In some embodiments, one or more size-exclusion chromatography step or gel permeation chromatography steps are performed before or after contacting the biological sample with the capture surface. To perform the gel permeation chromatography step, a support selected from silica, acrylamide, agarose, dextran, ethylene glycol-methacrylate co-polymer or mixtures thereof, e.g., agarose-dextran mixtures, are used in some embodiments. For example, such supports include, but are not limited to: SUPERDEX® 200HR (Pharmacia), TSK G6000 (TosoHaas) or SEPHACRYL® S (Pharmacia).

In some embodiments, one or more affinity chromatography steps are performed before or after contacting the biological sample with the capture surface. Some extracellular vesicles can also be characterized by certain surface molecules. Because microvesicles form from budding of the cell plasma membrane, these microvesicles often share many of the same surface molecules found on the cells they originated from. As used herein, “surface molecules” refers collectively to antigens, proteins, lipids, carbohydrates, and markers found on the surface or in or on the membrane of the microvesicle. These surface molecules can include, for example, receptors, tumor-associated antigens, membrane protein modifications (e.g., glycosylated structures).
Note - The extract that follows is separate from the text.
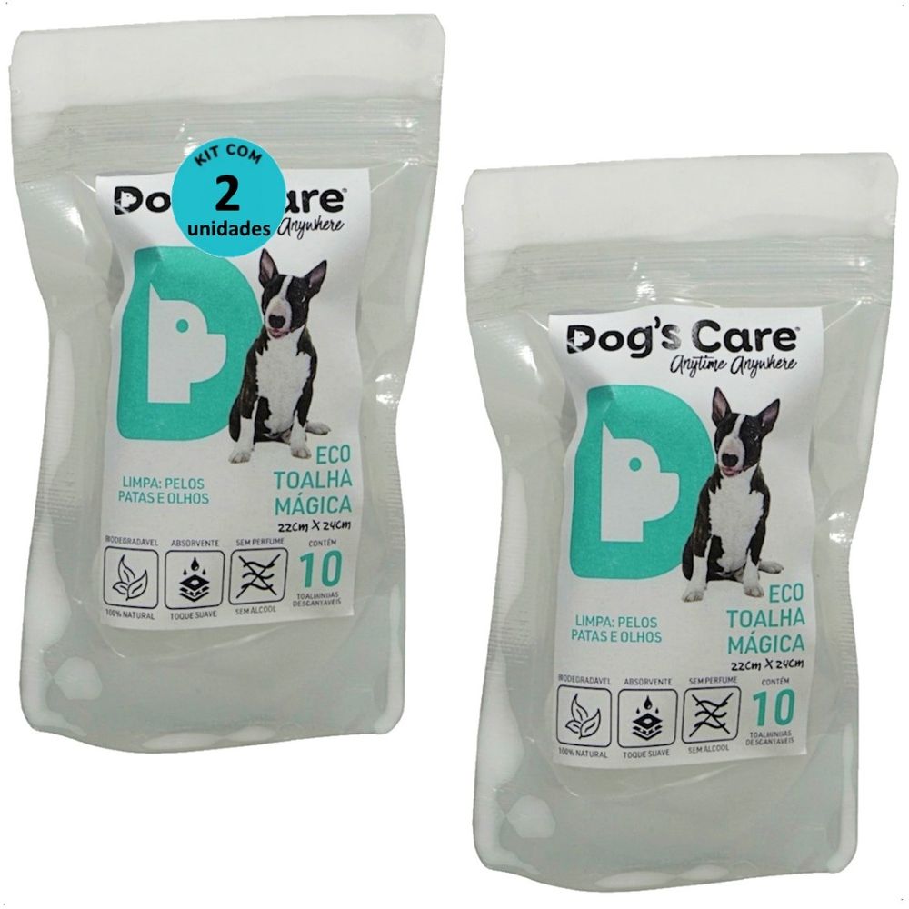 ECO TOALHA MÁGICA PARA PET LIMPA PELOS PATAS OLHOS COM 10 UN DOGS CARE KIT COM 2

For example, microvesicles that bud from tumor cells often display tumor-associated antigens on their cell surface. As such, affinity chromatography or affinity exclusion chromatography can also be utilized in combination with the methods provided herein to isolate, identify, and or enrich for specific populations of microvesicles from a specific donor cell type (Al-Nedawi et al., 2008; Taylor and Gercel-Taylor, 2008). For example, tumor (malignant or non-malignant) microvesicles carry tumor-associated surface antigens and may be detected, isolated and/or enriched via these specific tumor-associated surface antigens. In one example, the surface antigen is epithelial cell adhesion molecule (EpCAM), which is specific to microvesicles from carcinomas of lung, colorectal, breast, prostate, head and neck, and hepatic origin, but not of hematological cell origin (Balzar et al., 1999; Went et al., 2004). Additionally, tumor-specific microvesicles can also be characterized by the lack of certain surface markers, such as CD80 and CD86. In these cases, microvesicles with these markers may be excluded for further analysis of tumor specific markers, e.g., by affinity exclusion chromatography. Affinity chromatography can be accomplished, for example, by using different supports, resins, beads, antibodies, aptamers, aptamer analogs, molecularly imprinted polymers, or other molecules known in the art that specifically target desired surface molecules on microvesicles.
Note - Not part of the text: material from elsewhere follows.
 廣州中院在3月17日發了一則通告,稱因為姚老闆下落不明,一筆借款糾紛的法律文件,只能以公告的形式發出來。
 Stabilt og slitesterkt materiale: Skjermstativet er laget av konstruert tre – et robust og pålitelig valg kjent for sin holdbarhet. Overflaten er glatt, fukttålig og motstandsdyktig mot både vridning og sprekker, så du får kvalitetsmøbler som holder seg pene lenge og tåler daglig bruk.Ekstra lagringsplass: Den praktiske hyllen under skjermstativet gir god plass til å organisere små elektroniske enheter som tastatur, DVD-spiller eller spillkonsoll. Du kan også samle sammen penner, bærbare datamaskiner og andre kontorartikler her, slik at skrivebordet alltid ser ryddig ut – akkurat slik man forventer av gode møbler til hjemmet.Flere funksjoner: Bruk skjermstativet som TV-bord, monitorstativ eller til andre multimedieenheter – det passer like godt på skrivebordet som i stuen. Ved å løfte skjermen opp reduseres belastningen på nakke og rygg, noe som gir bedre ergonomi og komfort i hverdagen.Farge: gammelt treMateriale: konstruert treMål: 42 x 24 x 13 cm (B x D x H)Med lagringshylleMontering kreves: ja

In some embodiments, one or more control particles or one or more nucleic acid(s) may be added to the sample prior to extracellular vesicle isolation and/or nucleic acid extraction to serve as an internal control to evaluate the efficiency or quality of extracellular vesicle purification and/or nucleic acid extraction. The methods described herein provide for the efficient isolation and the control nucleic acid(s) along with the extracellular vesicle fraction. These control nucleic acid(s) include one or more nucleic acids from Q-beta bacteriophage, one or more nucleic acids from virus particles, or any other control nucleic acids (e.g., at least one control target gene) that may be naturally occurring or engineered by recombinant DNA techniques. In some embodiments, the quantity of control nucleic acid(s) is known before the addition to the sample. The control target gene can be quantified using real-time PCR analysis. Quantification of a control target gene can be used to determine the efficiency or quality of the extracellular vesicle purification or nucleic acid extraction processes.

In some embodiments, the control nucleic acid is a nucleic acid from a Q-beta bacteriophage, referred to herein as “Q-beta control nucleic acid.” The Q-beta control nucleic acid used in the methods described herein may be a naturally-occurring virus control nucleic acid or may be a recombinant or engineered control nucleic acid. Q-beta is a member of the leviviridae family, characterized by a linear, single-stranded RNA genome that consists of 3 genes encoding four viral proteins: a coat protein, a maturation protein, a lysis protein, and RNA replicase. When the Q-beta particle itself is used as a control, due to its similar size to average microvesicles, Q-beta can be easily purified from a biological sample using the same purification methods used to isolate microvesicles, as described herein. In addition, the low complexity of the Q-beta viral single-stranded gene structure is advantageous for its use as a control in amplification-based nucleic acid assays. The Q-beta particle contains a control target gene or control target sequence to be detected or measured for the quantification of the amount of Q-beta particle in a sample. For example, the control target gene is the Q-beta coat protein gene. When the Q-beta particle itself is used as a control, after addition of the Q-beta particles to the biological sample, the nucleic acids from the Q-beta particle are extracted along with the nucleic acids from the biological sample using the extraction methods described herein. When a nucleic acid from Q-beta, for example, RNA from Q-beta, is used as a control, the Q-beta nucleic acid is extracted along with the nucleic acids from the biological sample using the extraction methods described herein. Detection of the Q-beta control target gene can be determined by RT-PCR analysis, for example, simultaneously with the biomarker(s) of interest. A standard curve of at least 2, 3, or 4 known concentrations in 10-fold dilution of a control target gene can be used to determine copy number. The copy number detected and the quantity of Q-beta particle added or the copy number detected and the quantity of Q-beta nucleic acid, for example, Q-beta RNA, added can be compared to determine the quality of the isolation and/or extraction process.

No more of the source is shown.